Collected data
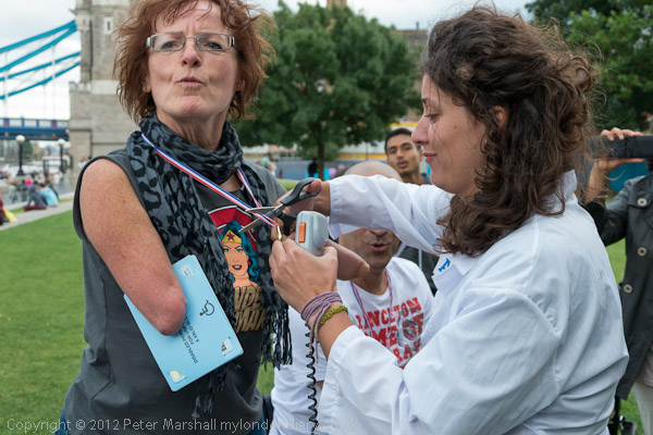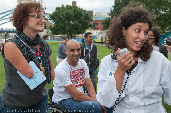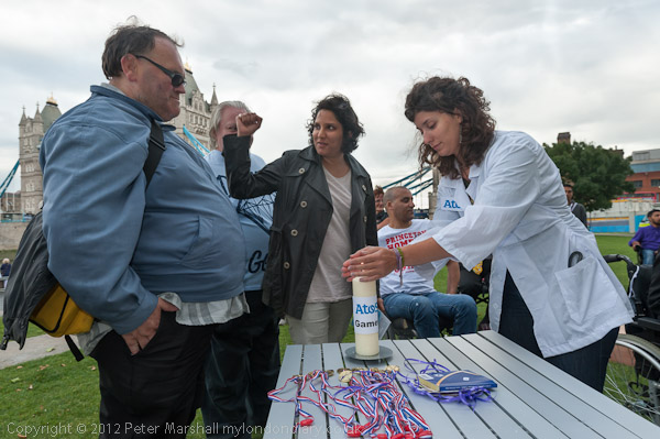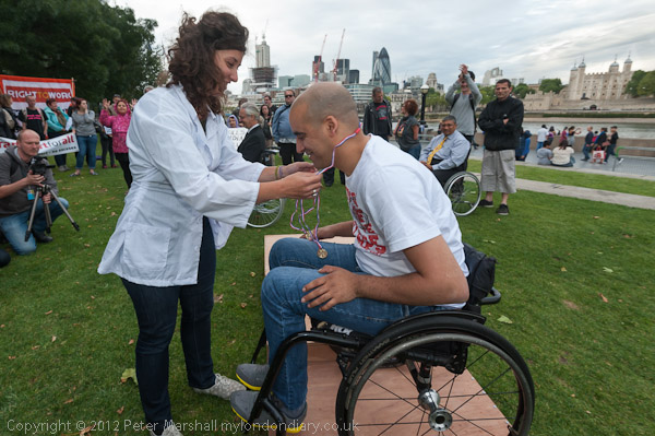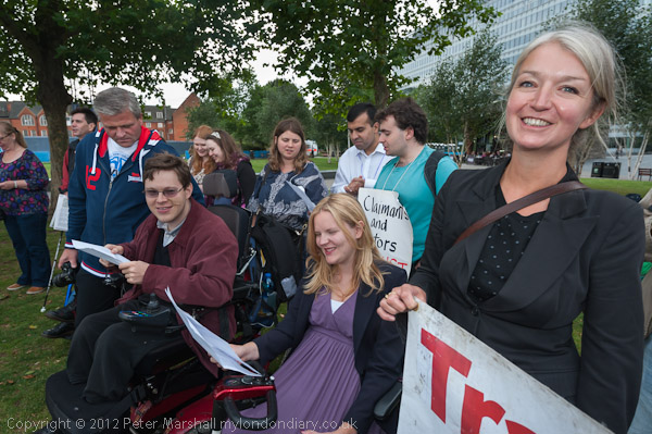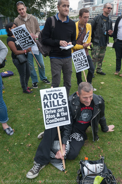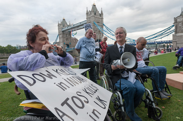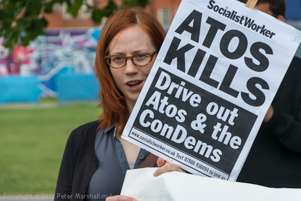 Clare Glasman with a placard 'Dow Kills in India, Atos Kills in UK'
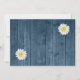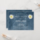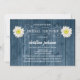 © 2013 Socialite Designs. Nuestra invitación rústica a la ducha de novia tiene un fondo de madera azul con flores de margarita blancas. El texto de la ducha de novia está rodeado por un elegante remolino. Si necesita AYUDA para personalizar esta invitación, póngase en contacto con Diseños de Socialite. Los elementos de diseño floral se pueden mover individualmente pulsando el botón "Personalizar" del naranja.
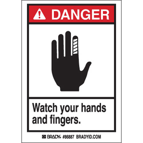 Save 7% each on Brady 86887 Danger Watch Your Hands & Fingers. Label when you purchase 50 or more
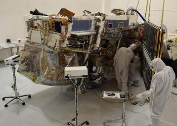 Keywords: jpss- 1 jpss1 nesdis noaa satellites noaasatellites satellite December 9, 2015 The solar panel array on NOAA’s polar-orbiting satellite JPSS-1 spacecraft successfully completed its fit check at Ball Aerospace and Technologies Corp. The solar array is folded up at launch and deploys on orbit, resembling a giant black wing and generating more than 2775 watts of power for NOAA’s JPSS-1 satellite. Photovoltaic cells in the solar array derive electricity from sunlight and convert solar radiation into direct current electricity. The JPSS-1 photovoltaics in the solar panel array will power the entire satellite including all of the instruments, computers, data processors, and telecommunications equipment. Credit: Ball Aerospace and Technologies December 9, 2015 The solar panel array on NOAA’s polar-orbiting satellite JPSS-1 spacecraft successfully completed its fit check at Ball Aerospace and Technologies Corp. The solar array is folded up at launch and deploys on orbit, resembling a giant black wing and generating more than 2775 watts of power for NOAA’s JPSS-1 satellite. Photovoltaic cells in the solar array derive electricity from sunlight and convert solar radiation into direct current electricity. The JPSS-1 photovoltaics in the solar panel array will power the entire satellite including all of the instruments, computers, data processors, and telecommunications equipment. Credit: Ball Aerospace and Technologies |
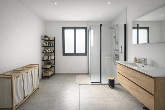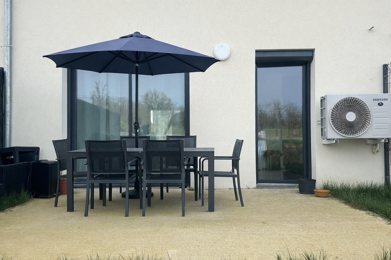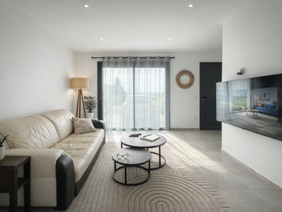 Une grande pièce de vie lumineuse de + de 30 M2 avec cuisine équipée, un cellier, un wc le tout donnant sur une terrasse et jardin.

● Task brief: Do not include images; quote all of the entries above exactly.

● Output of the task:
 Clare Glasman with a placard 'Dow Kills in India, Atos Kills in UK'
 © 2013 Socialite Designs. Nuestra invitación rústica a la ducha de novia tiene un fondo de madera azul con flores de margarita blancas. El texto de la ducha de novia está rodeado por un elegante remolino. Si necesita AYUDA para personalizar esta invitación, póngase en contacto con Diseños de Socialite. Los elementos de diseño floral se pueden mover individualmente pulsando el botón "Personalizar" del naranja.
 Save 7% each on Brady 86887 Danger Watch Your Hands & Fingers. Label when you purchase 50 or more
 Keywords: jpss- 1 jpss1 nesdis noaa satellites noaasatellites satellite December 9, 2015 The solar panel array on NOAA’s polar-orbiting satellite JPSS-1 spacecraft successfully completed its fit check at Ball Aerospace and Technologies Corp. The solar array is folded up at launch and deploys on orbit, resembling a giant black wing and generating more than 2775 watts of power for NOAA’s JPSS-1 satellite. Photovoltaic cells in the solar array derive electricity from sunlight and convert solar radiation into direct current electricity. The JPSS-1 photovoltaics in the solar panel array will power the entire satellite including all of the instruments, computers, data processors, and telecommunications equipment. Credit: Ball Aerospace and Technologies December 9, 2015 The solar panel array on NOAA’s polar-orbiting satellite JPSS-1 spacecraft successfully completed its fit check at Ball Aerospace and Technologies Corp. The solar array is folded up at launch and deploys on orbit, resembling a giant black wing and generating more than 2775 watts of power for NOAA’s JPSS-1 satellite. Photovoltaic cells in the solar array derive electricity from sunlight and convert solar radiation into direct current electricity. The JPSS-1 photovoltaics in the solar panel array will power the entire satellite including all of the instruments, computers, data processors, and telecommunications equipment. Credit: Ball Aerospace and Technologies |
 Une grande pièce de vie lumineuse de + de 30 M2 avec cuisine équipée, un cellier, un wc le tout donnant sur une terrasse et jardin.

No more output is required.